What could go wrong … except for a tanker truck spilling liquid oxygen all over I-83 just after 6 AM? Terry and I persevered through inching along for four miles. It only took us two hours, but we remained focused and determined.

We finally arrived at East 30th and Barclay in Baltimore around 2:15 PM. Just entering Peabody Heights Brewery, the site of hallowed baseball ground, made the major delay all worthwhile. Of course, the “Old Oriole Park” lager draft helped, too!

The brewery’s owner began a tour soon after our arrival. Did he talk about his beer and how the brewery got started? Nope. He enthusiastically shared the rich baseball history of Old Oriole Park, which graced the very site many, many years ago.

After the baseball discussion, which included Babe Ruth’s playing days on the site, the owner tossed the ball to his son for the behind-the-scenes brewery part of the tour.

That’s when David detoured us to a spot on the cement floor near the beer vats. That’s where 2nd base had been. He also informed us that where the owner had been talking to our tour group was left field.

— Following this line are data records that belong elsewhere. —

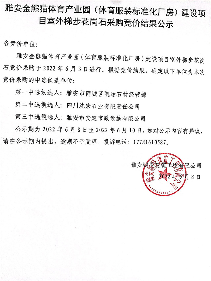 雅安市金熊貓?bào)w育產(chǎn)業(yè)園標(biāo)準(zhǔn)化廠房項(xiàng)目室外梯步花崗石采購競價(jià)結(jié)果公示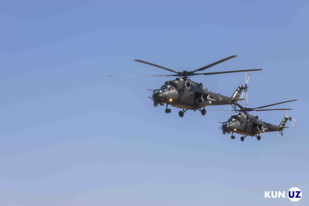 Шоуда СССР давридаги энг машҳур МИ-24 жанговар вертолётлари ҳам чиқиш қилди.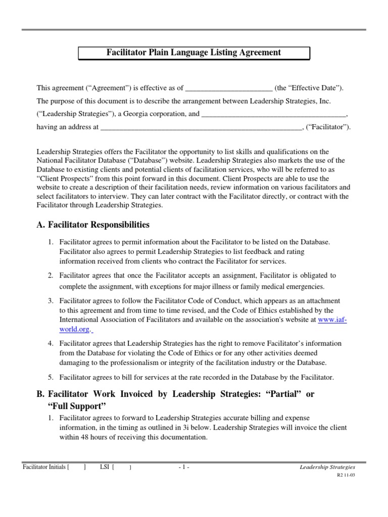 Facilitator Contract Template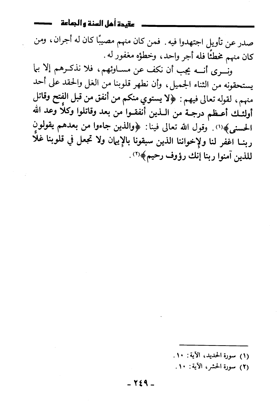ونرى أنه يجب أن نكف عن مساوئهم، فلا نذكرهم إلا بما يستحقونه من الثناء الجميل، وأن نطهر قلوبنا من الغل والحقد على أحد منهم، لقوله تعالى فيهم: {لَا يَسْتَوِي مِنْكُمْ مَنْ أَنْفَقَ مِنْ قَبْلِ الْفَتْحِ وَقَاتَلَ أُولَئِكَ أَعْظَمُ دَرَجَةً مِنَ الَّذِينَ أَنْفَقُوا مِنْ بَعْدُ وَقَاتَلُوا وَكُلًّا وَعَدَ اللَّهُ الْحُسْنَى} . وقول الله تعالى فينا: {وَالَّذِينَ جَاءُوا مِنْ بَعْدِهِمْ يَقُولُونَ رَبَّنَا اغْفِرْ لَنَا وَلِإِخْوَانِنَا الَّذِينَ سَبَقُونَا بِالْإِيمَانِ وَلَا تَجْعَلْ فِي قُلُوبِنَا غِلًّا لِلَّذِينَ آمَنُوا رَبَّنَا إِنَّكَ رَءُوفٌ رَحِيمٌ} .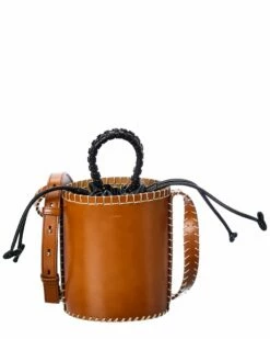 - Louela Mini Leather Bucket Bag in tan and black leather with gold-tone hardware and whipstitch detailing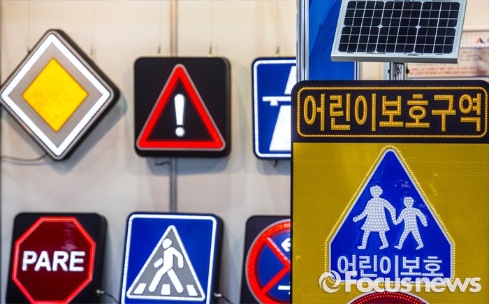 (서울=포커스뉴스) 25일 오전 서울 강남구 코엑스에서 열린 국토교통부 주최'2016 국토교통기술대전'에 전시된 LED 도로표지판들.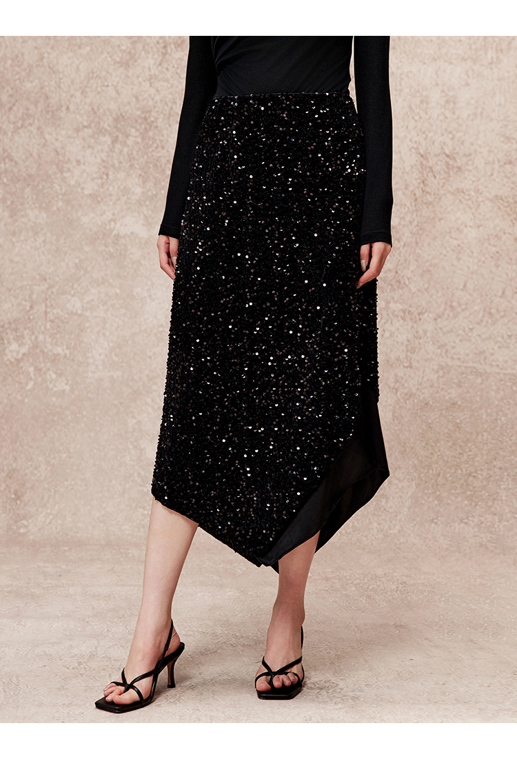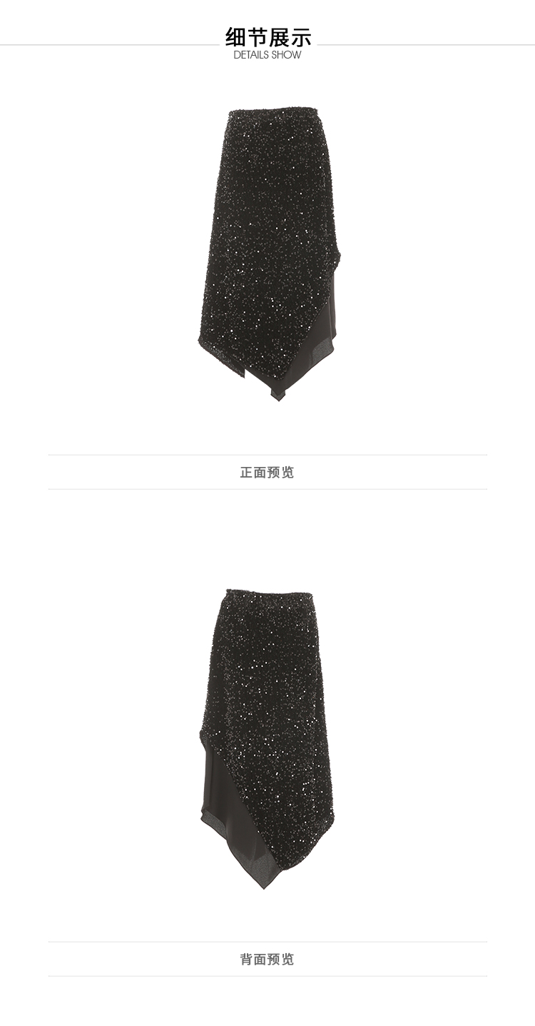 VIMAGE纬漫纪冬季新款复古时髦重工亮片显瘦百搭黑色半身裙V2206817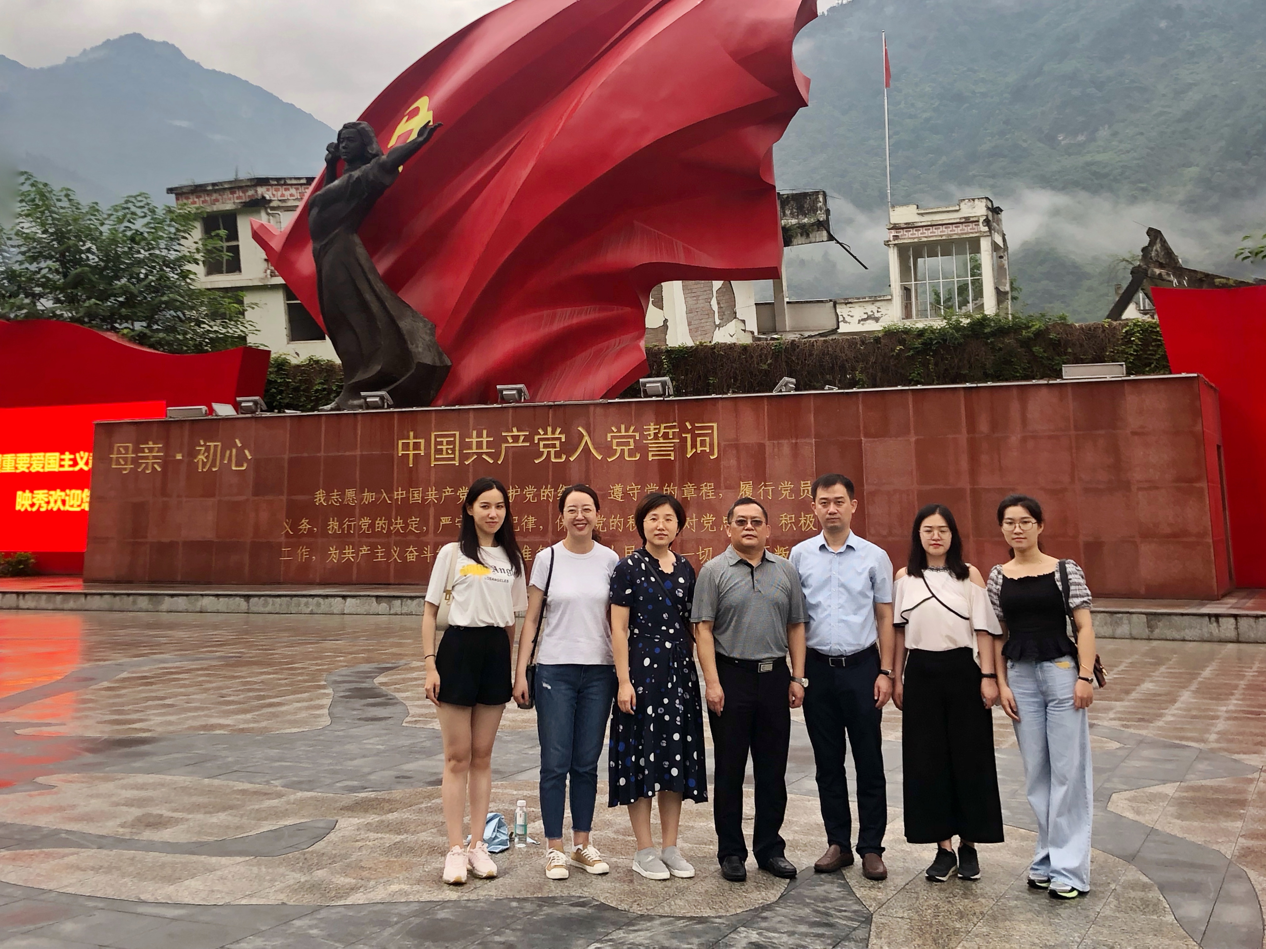 在汶川特大地震漩口中学遗址,满目疮痍、残垣断壁的惨烈景象触目惊心。支部成员参观了汶川特大地震映秀震中纪念馆,感受到十二年前中国人民气壮山河的生死营救、感天动地的举国驰援,同时被中国人民自强不息、团结奋斗的精神深深鼓舞。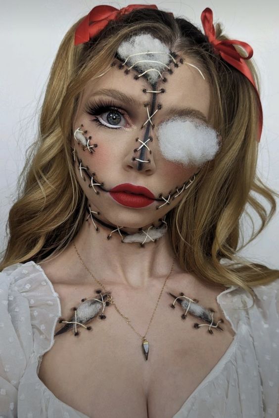 This patchwork doll makeup is both pretty and creative, offering a mix of sweetness and terror with its stitched-up features and delicate details.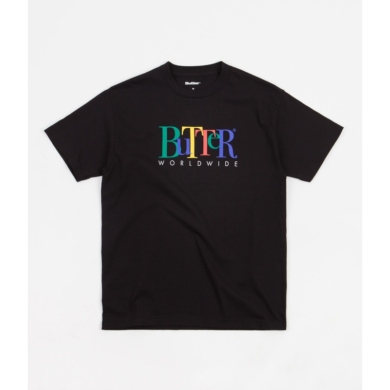 Butter Goods Jumble T-Shirt in Black. A bold black tee from the brands latest seasonal instalment, this 100% cotton Butter Goods t-shirt is a 6oz silhouette thats tailored to a relaxed fitting for elevated everyday comfort. A casual crew collar, trimmed seams and a reinforced hemline combine for increased structural support, whilst the multi tonal Butter Worldwide centre chest branding pays homage to throwback 90s era corporate branding through its signature design.
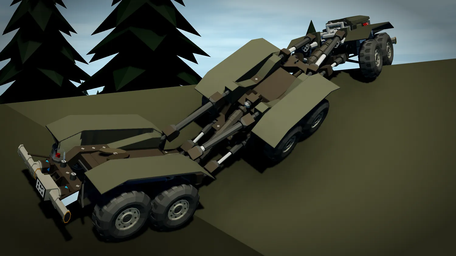 This is a modular offroad vehicle. It features complex articulation, a fifth wheel and a V10 Engine.

Following one additional round from the taps, we eagerly poured outside for David to continue giving us perspective on the lay of the land. David showed us where the left field wall had been, where the mound had been, and where home plate had been (right on the curb on Barclay).

While imagining the Babe swinging for the fences from that curb, I had to take a few imaginary cuts of my own from the other batter’s box.

After we soaked in that atmosphere, we all bounded toward 29th Street. Here was the home of another Oriole Park (American League Park) and … the future New York Yankees. Confused yet?

We then strode down the hill a few more blocks toward the former site of Union Park. I took my batting practice cuts in the parking lot where home plate once graced the ground beneath. I also trotted toward 3rd base to take a few grounders.

As Jack stated, this is where Wee Willie Keeler’s 44-game hitting streak ended. John McGraw played here as did Wilbert Robinson.

I’d add photos, but David had already taken the best shots and showed us on his phone during our trifecta former ballpark tour. He’s also a heck of an author and was a guest speaker for the Harrisburg Senators Fan Club. I highly recommend David’s book.

During our walk back up the hill, David departed. The rest of our lineup decided on the Charles Village Pub, Towson, for dinner before heading home.

The original Charles Village Pub, one of Terry’s  favorite places for ribs, would have to wait for our next visit. After all, it’s near the former site of Memorial Stadium.